Начались мелкие эксцессы с красными командирами, в виде жалоб на махновцев, что они переманивают к себе красноармейцев-одиночек, что они укрывают дезертиров, уходящих к махновцам с пулеметами, что они, вообще, заносчивы. По существу, все это мелочь и не стоит ломаного гроша. Но за такую мелочь виновные махновцы расстреливались по приговору Комиссии антимахновских дел.
Так, в с. Малотокмачке один махновец обезоружил красного командира лишь потому, что ему понравился «Маузер»и верховая лошадь.
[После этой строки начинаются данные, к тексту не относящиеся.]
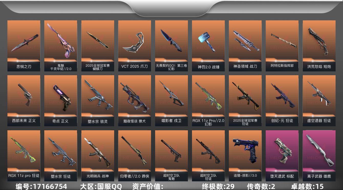 [17166754]【套装】:2025全球冠军赛套装,无畏契约季前邀请赛套装,回火礼包// V25套装,VCT 2025 赛季套装,掠影//3.0套装,回火礼包:掠影套装 【英雄】:幻棱,炼狱,维斯,暮蝶,壹决,铁臂,捷风,幽影,不死鸟,贤者,猎枭,蝰蛇,零,芮娜,奇乐,尚勃勒,霓虹,斯凯,夜露,星礈,K/O,海神,盖可,黑梦,钢锁 【近战武器】:近战武器-2025全球冠军赛 蝴蝶刀,近战武器-影蝶,近战武器-无畏契约季前邀请赛 悲悯之刃,近战武器-无畏契约GO!第三卷 匕首,近战武器-VCT 2025 爪刀,近战武器-黑波之刃,近战武器-神罚//2.0 战锤,近战武器-神圣领域 战刀,近战武器-阿特拉斯指挥部 甩棍 【狂徒】:狂徒-超时空卫队,狂徒-2025全球冠军赛,狂徒-塑水宗,狂徒-创·纪元,狂徒-虚空遗器,狂徒-RGX 11z Pro,狂徒-掠影,狂徒-赤焰铁骥,狂徒-诡秘蛇影 【幻影】:幻影-RGX 11z Pro//2.0,幻影-盖亚的复仇//2.0,幻影-天界神兵//2.0,幻影-异鳞魔蛇,幻影-神中神罚,幻影-掠影//2.0,幻影-神圣领域,幻影-末日之翼 【戍卫】:戍卫-噬影者,戍卫-掠影,戍卫-天界神兵,戍卫-月球哨兵,戍卫-折光棱晶 【獠犬】:獠犬-黯夜怪谈,獠犬-神圣领域 【冥驹】:冥驹-堕天遗武,冥驹-掠影,冥驹-星云暗涌 【飞将】:飞将-末日之翼 【莽侠】:莽侠-归零者//2.0,莽侠-诡秘蛇影,莽侠-月球哨兵 【战神】:战神-光明哨兵,战神-神圣领域 【奥丁】:奥丁-掠影//2.0,奥丁-末日之翼 【判官】:判官-诡秘蛇影 【雄鹿】:雄鹿-离子武器,雄鹿-月球哨兵 【骇灵】:骇灵-塑水宗,骇灵-无限竞技,骇灵-星云暗涌 【蜂刺】:蜂刺-星云暗涌,蜂刺-折光棱晶 【追猎】:追猎-掠影//3.0 【标配】:标配-堕天遗武,标配-折光棱晶 【正义】:正义-奇点,正义-西部未来,正义-月球哨兵 【鬼魅】:鬼魅-超时空卫队,鬼魅-千灵华绽//2.0,鬼魅-星云暗涌 【狂怒】:狂怒-神圣领域 【短炮】:短炮-洪荒怒焰,短炮-末日之翼 【卡面】:南瓜盛典 卡面,树懒大作战 卡面,Clutch 卡面,无畏契约GO!第一卷:芮娜 卡面,无畏契约GO!第一卷:零 卡面,无垠星环 卡面,《双城之战》金克丝 卡面,无畏契约GO!第一卷:贤者 卡面,代号红色 卡面,新兵报到 卡
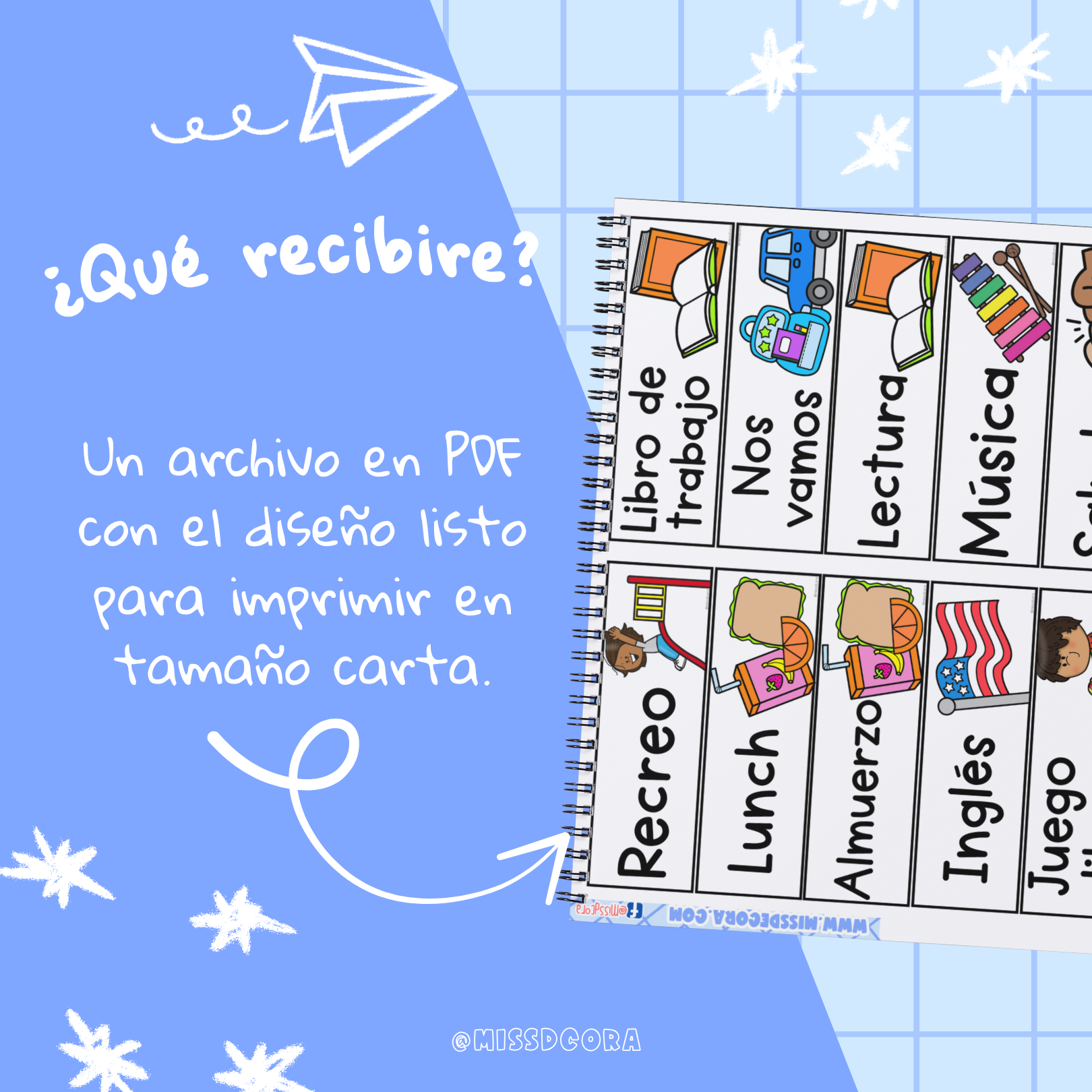 Ideal para preescolar y primaria baja, este recurso te ayudará a mantener el orden del día a la vista de todos, fomentando la autonomía y la anticipación de actividades.
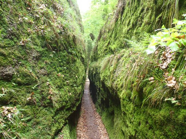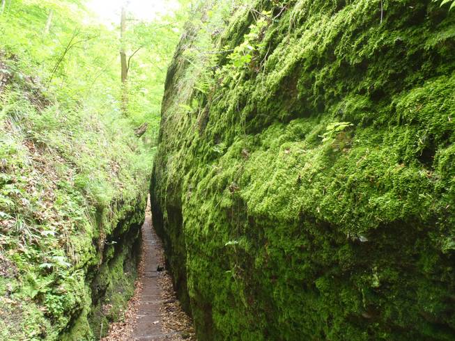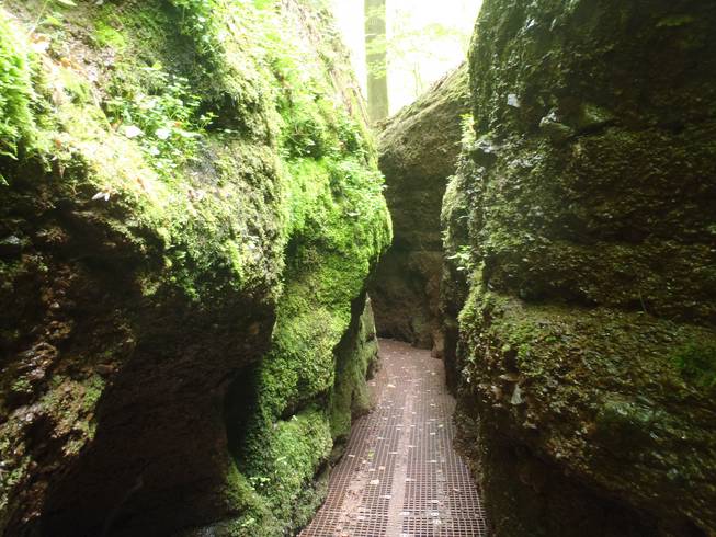 Drachenschlucht Das dürfte wohl die engste Stelle (68 Zentimeter) sein. Da erstaunt er schon etwas, daß man zwar vor der Mit-nahme von Kinderwagen, Wollstühlen, Rollatoren, Fahrrädern warnt und bewegungseingeschränkten Personen ganz vom Betreten abrät, aber keinerlei Hinweis für etwas besser genährte Leute raus gibt. |
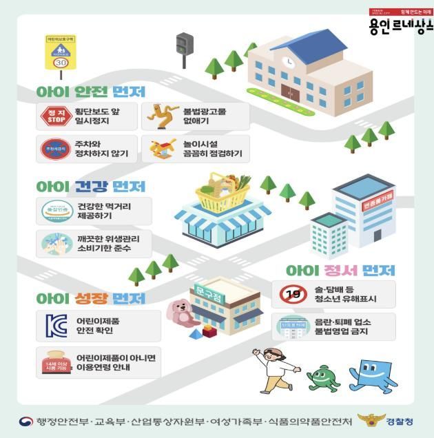 시는 용인교육지원청, 경찰서, 민간단체 등과 함께 분야별 점검반을 편성해 용인지역 내 105개 초등학교 주변 보호구역을 중심으로 점검할 계획이다.
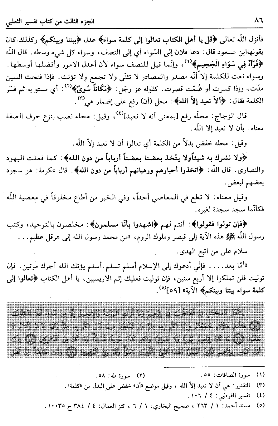 فأنزل الله تعالى قُلْ يا أَهْلَ الْكِتابِ تَعالَوْا إِلى كَلِمَةٍ سَواءٍ عدل بَيْنَنا وَبَيْنَكُمْ

Командир 2-го полка Клерфман за это расстрелял его на месте, возвратив лошадь и оружие потерпевшему. В Большой Михайловке пять махновцев убили начальника снабжения какой-то дивизии, а с ним трех красноармейцев за то, что добровольно не сдали оружие и деньги. Из штаба выехал Щусь и на месте расстрелял виновных махновцев. В Михайлово-Лукашово махновец комроты отряда Чалого, вернувшегося из Мелитополя для организации пополнения Крымской группы, переманил к себе с 2-мя пулеметами взвод красноармейцев, которые охотно перешли к нему, тем самым, обезоружив красную часть. Был скандал, и махновец комроты за это был расстрелян. Такие случаи были.
Что же касается массовых случаев нападения, то в этом виноваты исключительно местные бандиты, неорганизованные крестьяне и уцелевшие кадры белых армий. Мы же виновных строго преследовали и карали расстрелами, как контрреволюционеров и провокаторов, желающих сорвать наше соглашение с Соввластью в пользу Врангеля и Польши. И так было до последнего дня 25-го ноября.